This policy is stronger than that of most funds because it holds directors accountable for progress on Paris-aligned decarbonization and uses definitive “will not support” language rather than pledging to “consider” withholding support.
UPP’s Climate Stewardship Plan committed UPP to consider year-over-year strengthening of its climate-related proxy voting guidelines. Since the plan was published, UPP has strengthened the guidelines to include voting against directors at high-emitting companies based on insufficient climate action (as above). The fund has not yet incorporated considered revisions including climate-related expectations related to auditor appointment, advisory votes on compensation and corporate transactions.
The Climate Stewardship Plan also articulated that UPP would amplify its votes by communicating in writing with companies when UPP voted against management for climate-related reasons. UPP reported doing this with 30 companies in 2024.
The section on lobbying in UPP’s Proxy Voting Policy calls only for disclosure of political contributions and lobbying activities. While this section still needs to be strengthened to ensure that companies do not lobby against Paris-aligned climate policy, UPP articulated in its Climate Stewardship Plan that it expects oil companies to align their lobbying activities with the goals of the Paris Agreement.
UPP must additionally set the expectation, through its engagements and in its voting guidelines, that companies tie compensation to the achievement of climate targets and do not direct capital expenditure to fossil fuel expansion.
Snapshots of UPP’s climate-related proxy voting record, including a February 2024 analysis by Investors for Paris Compliance of select climate-related shareholder votes, indicate that the fund has generally been voting in line with its own guidelines. UPP itself reported that during the 2024 proxy season it voted against directors at 14% of public companies in the portfolio for “inadequate board oversight of climate-related matters or insufficient climate action in high-impact sectors”.
Since 2023, UPP has provided a real-time database of its proxy voting record on its website. The fund discloses its rationale for votes on shareholder proposals and votes against directors, and does not shy away from providing Paris-aligned rationale. As an example, UPP voted against ten of 12 Enbridge directors at the company’s Annual General Meeting in 2024, explaining “UPP does not support the election of this nominee because there appears to be misalignment between the company’s climate-related advocacy and the goals of the Paris agreement, including pursuing efforts to limit the temperature increase to 1.5°C above pre-industrial levels.” Enbridge continues to lobby against climate policies while lacking credible or profitable pathways to align its business model with a safe climate.

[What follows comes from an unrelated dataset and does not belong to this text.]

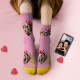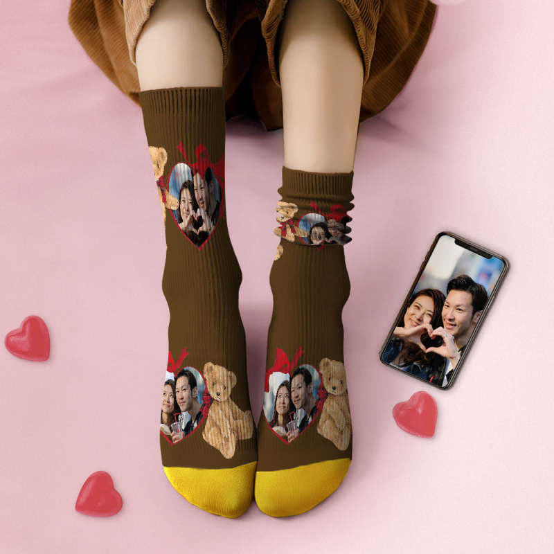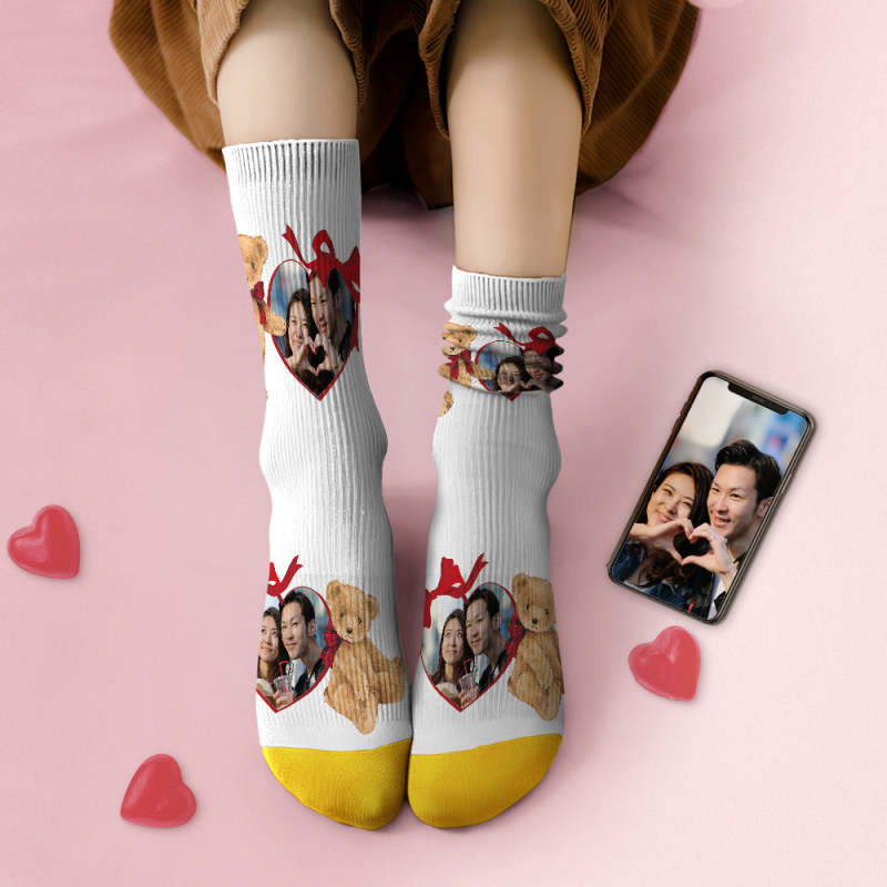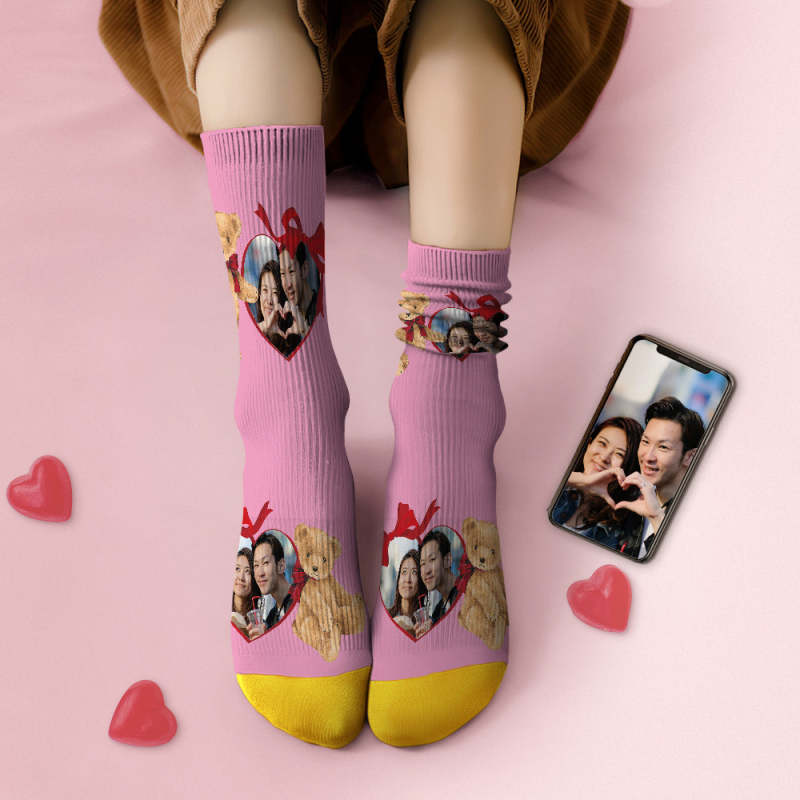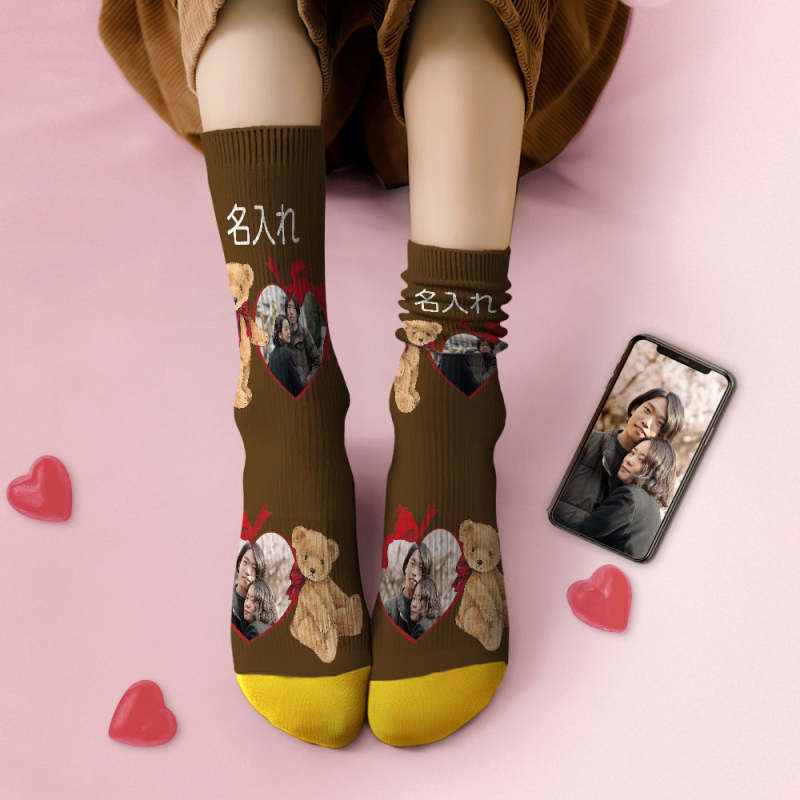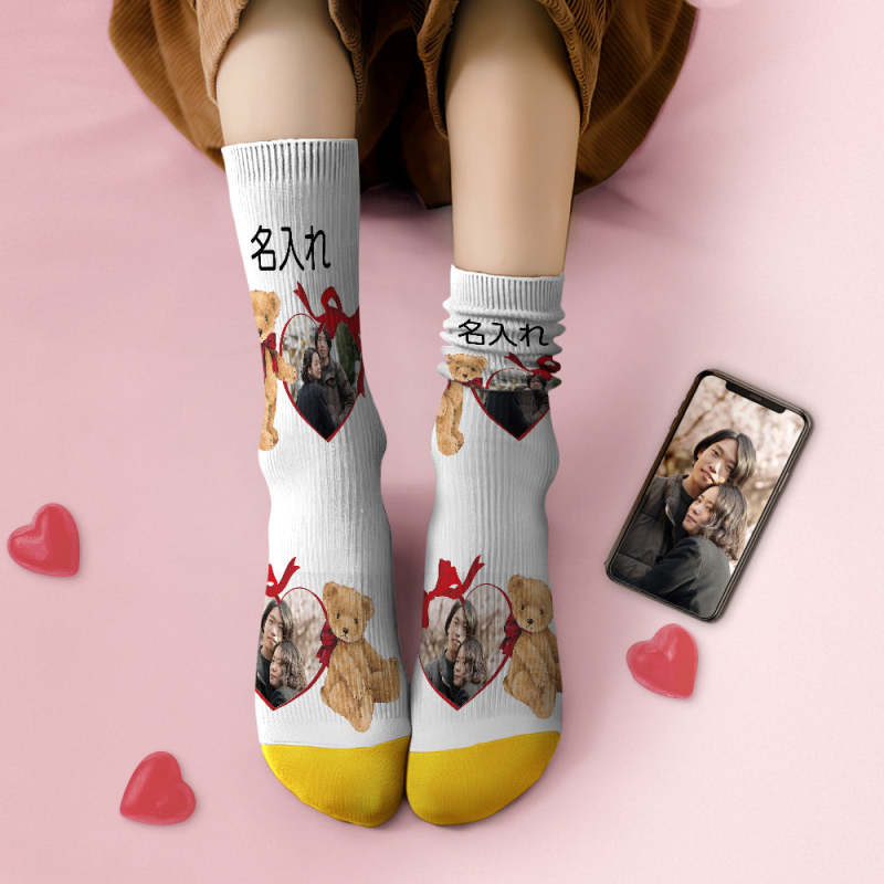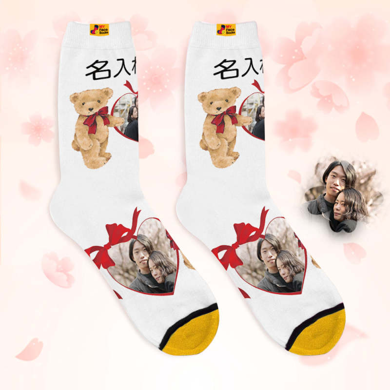 カスタム3Dデジタル印刷ソックス-写真と名入れ可能な靴下プレゼント-リボンのこぐま柄

With this track record, UPP must conclude that Enbridge meets UPP’s threshold for divestment: UPP’s Investment Exclusion Policy, which is informed by considerations which include the Paris Agreement, states, “UPP believes that it is appropriate to exclude or sell an investment when we identify severe adverse impacts, and stewardship, or other activity, has not, or is unlikely to influence the prevention, mitigation, or remedy of the impact.”
UPP is demonstrating follow-through on its Climate Stewardship Plan and escalating its engagements. The fund has an opportunity to leverage its relatively strong guidelines and voting record to take a leadership role in filing climate-related shareholder resolutions and publicly highlighting climate resolutions or climate-related votes against directors, for example through news releases and public letters to companies.
External managers
UPP appears to be giving its external managers more education and expectations on their management of climate-related risks than most other funds. The direction UPP gives to external managers on climate is crucial, with UPP’s annual reports noting that the majority of the fund’s assets are externally managed.
The fund seems to be bringing external managers along on its climate journey, starting by reporting in its 2022 Annual Report a webinar introducing its Climate Action Plan to external managers and stating it would prioritize partnerships with entities that have made, or plan to make, net zero emissions commitments.
UPP’s Climate Stewardship Plan included commitments to share updated proxy voting guidelines with external managers in 2024, and “systematically highlight our climate-related vote guidelines to external managers” in 2025. In order to gauge the success of its Climate Stewardship Plan, UPP will examine outcomes including that “UPP’s external managers exercise proxy voting, company engagement, or advocacy in support of climate transition, following our dialogue with them”. UPP’s “Fund Assessment Criteria” will be used to assess the climate-alignment of externally managed funds.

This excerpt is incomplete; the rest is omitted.